Em relação às atividades da Aker Solutions em outros lugares, vale a pena notar que o player norueguês formou recentemente uma nova joint venture com a Drydocks World Dubai, parte da DP World, permitindo que as duas empresas trabalhem juntas na atualização de um FPSO para uma das maiores indústrias de petróleo não desenvolvidas. campos no Reino Unido.

Antes disso, a Aker Solutions garantiu vários contratos com a Aker BP em dezembro de 2022, representando o maior valor de concessões de contratos em um único trimestre na história da empresa.

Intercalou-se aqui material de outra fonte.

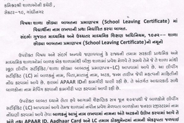 ગાંધીનગર, ગુજરાતની તમામ સરકારી પ્રાથમિક અને માધ્યમિક શાળાના વિદ્યાર્થીઓને જૂન 2025થી શાળા છોડ્યાનું પ્રમાણપત્ર (LC) આપતી વખતે હવેથી અટક પાછળ…
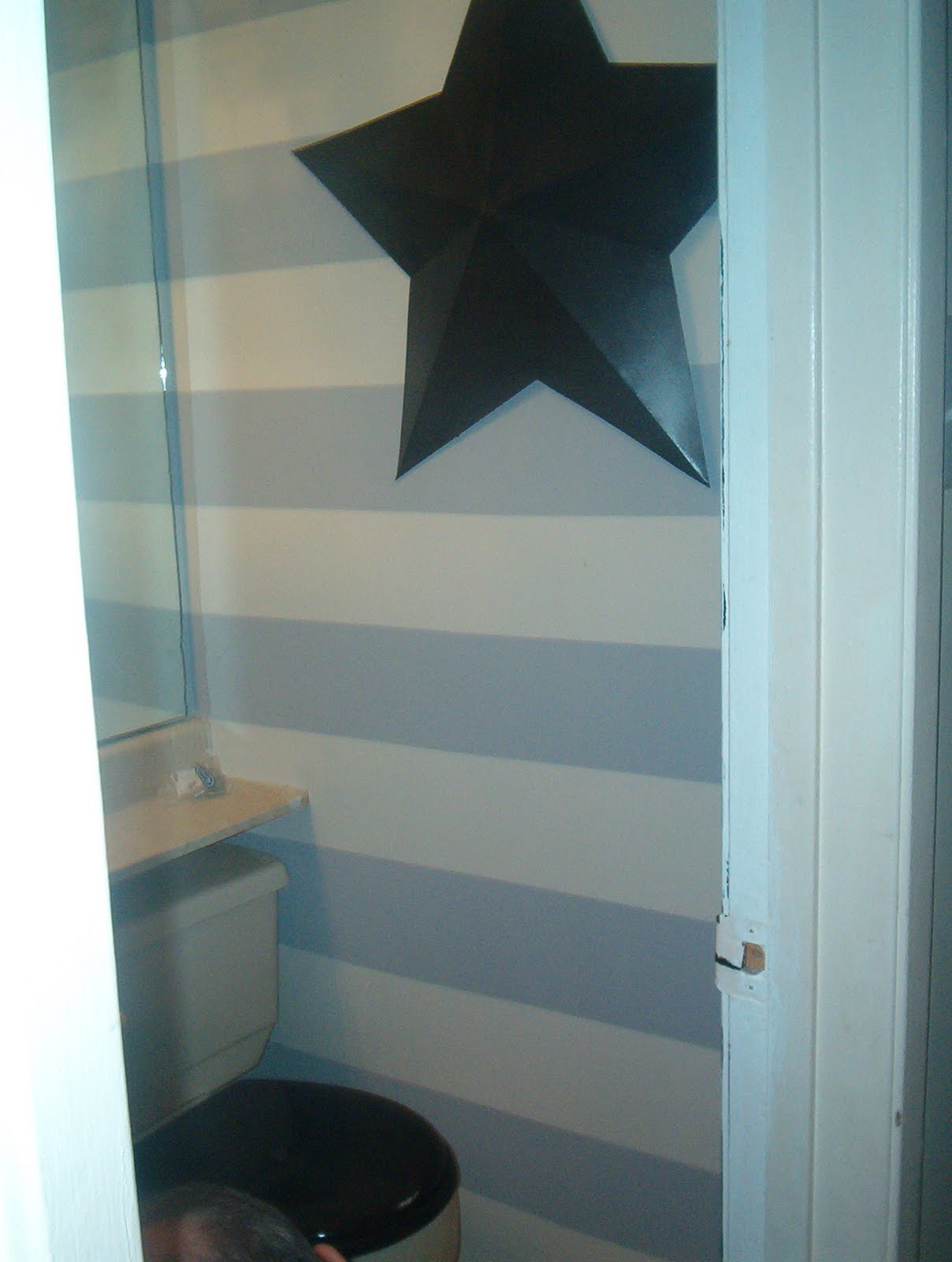 The powder room on our main floor is very, very tiny. It measures a scant 47" deep by 52" wide and that includes a vanity, the toilet and a door that swings IN. However, it is also an important room as it is right at the front door, and it is likely the only bathroom a visitor will see. As the rest of the house is a neutral backdrop, I wanted the powder room to have visual impact. I first came home with some awesome orange grasscloth wallpaper. The verdict? Three thumbs down from the family. They wanted NO orange and NO wallpaper. I then thought that stripes would be a good idea. I also decided to paint them because paint is much less of a commitment than wallpaper. The verdict? Come on, my peeps! This girl is no slow learner...I didn't ask them!As I love the beachy look, I went with blue and white stripes. I decided to paint the background in BM Cloud White. I already had a 4litre/gallon of it at home because I painted all the closets in it. I also had a litre/quart of blue paint I have already mentioned here. It is called BM Iced Slate and it was a $4 mistint at the local BM retailers. The colour was tinted correctly but the finish was wrong for the previous client - so her loss, my gain!

Petrobras escolhe sistema permanente de monitoramento de reservatórios para o terceiro maior campo de petróleo do país

A Petrobras concedeu à Alcatel Submarine Networks (ASN) e à Maersk Supply Service (MSS) um contrato para o fornecimento e instalação de um sistema permanente de monitoramento de reservatórios (PRM) em um campo localizado na Bacia de Santos.

O contrato inclui a engenharia, aquisição, construção, instalação e operação do sistema PRM, que será usado para monitorar e otimizar a produção de petróleo do campo de Mero, localizado em águas profundas no pré-sal da Bacia de Santos, a 180 quilômetros da litoral do Rio de Janeiro.

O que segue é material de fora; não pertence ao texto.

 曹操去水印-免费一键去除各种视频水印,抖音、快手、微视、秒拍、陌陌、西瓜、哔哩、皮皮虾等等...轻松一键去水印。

“As motivações para investir em um esquema 4D frequente, de alta densidade/alta repetibilidade em Merostems do valor agregado antecipado de informações 4D para auxiliar diretamente uma unidade de produção, baseada em WAG – reinjeção alternada de água e gás”, afirmou a Petrobras .

O sistema PRM é baseado na tecnologia Optowave desenvolvida pela ASN Noruega. A ASN mobilizará seus recursos e subcontratados na Europa e no Brasil para concluir a engenharia, fabricação, instalação e comissionamento do sistema PRM.

A Maersk Supply Service projetará, projetará e executará a instalação offshore, operando em seu escritório no Rio de Janeiro e usando uma de suas embarcações de apoio submarino I-Class para realizar a operação.

“Estamos muito satisfeitos em cooperar com a Petrobras para implantar o sistema Optowave, como o primeiro PRM do pré-sal com mais de 4.400 estações de 4 componentes em águas profundas”, disse Alain Biston, presidente da Alcatel Submarine Networks.

“A ASN também tem o prazer de entregar este sistema com a colaboração da Maersk Supply Service, que possui uma grande frota de embarcações no Brasil com capacidades e ativos especializados para este projeto.”

De acordo com a ASN, uma vez que os sistemas Optowave PRM capturam dados sísmicos ativos, eles são transferidos para centros de processamento em terra e processados ​​para fornecer imagens de alta resolução do reservatório.

As imagens são usadas para caracterizar o reservatório e são comparadas ao longo dos anos para avaliar as mudanças na pressão do reservatório e a localização e movimento dos fluidos. A interpretação dos dados do PRM deve contribuir para melhorar a gestão do reservatório e, consequentemente, permitir aumentar a recuperação de óleo.

Mero é o terceiro maior campo do Brasil em volume de óleo in situ, atrás apenas de Tupi e Búzios, também localizados no pré-sal da Bacia de Santos.

A produção em campo teve início em 30 de abril de 2022 por meio do FPSO Guanabara. Em janeiro, a Petrobras divulgou que o FPSO atingiu sua capacidade máxima de produção, com a marca de 180 mil barris de óleo por dia (bpd).

A operação do campo unitizado de Mero é conduzida pelo consórcio operado pela Petrobras (38,6 por cento), em parceria com a Shell Brasil Petróleo (19,3 por cento), TotalEnergies EP Brasil (19,3 por cento), CNODC Brasil Petróleo e Gás (9,65 por cento), CNOOC Petroleum Brasil (9,65 por cento) e Pré-Sal Petróleo (PPSA) (3,5 por cento).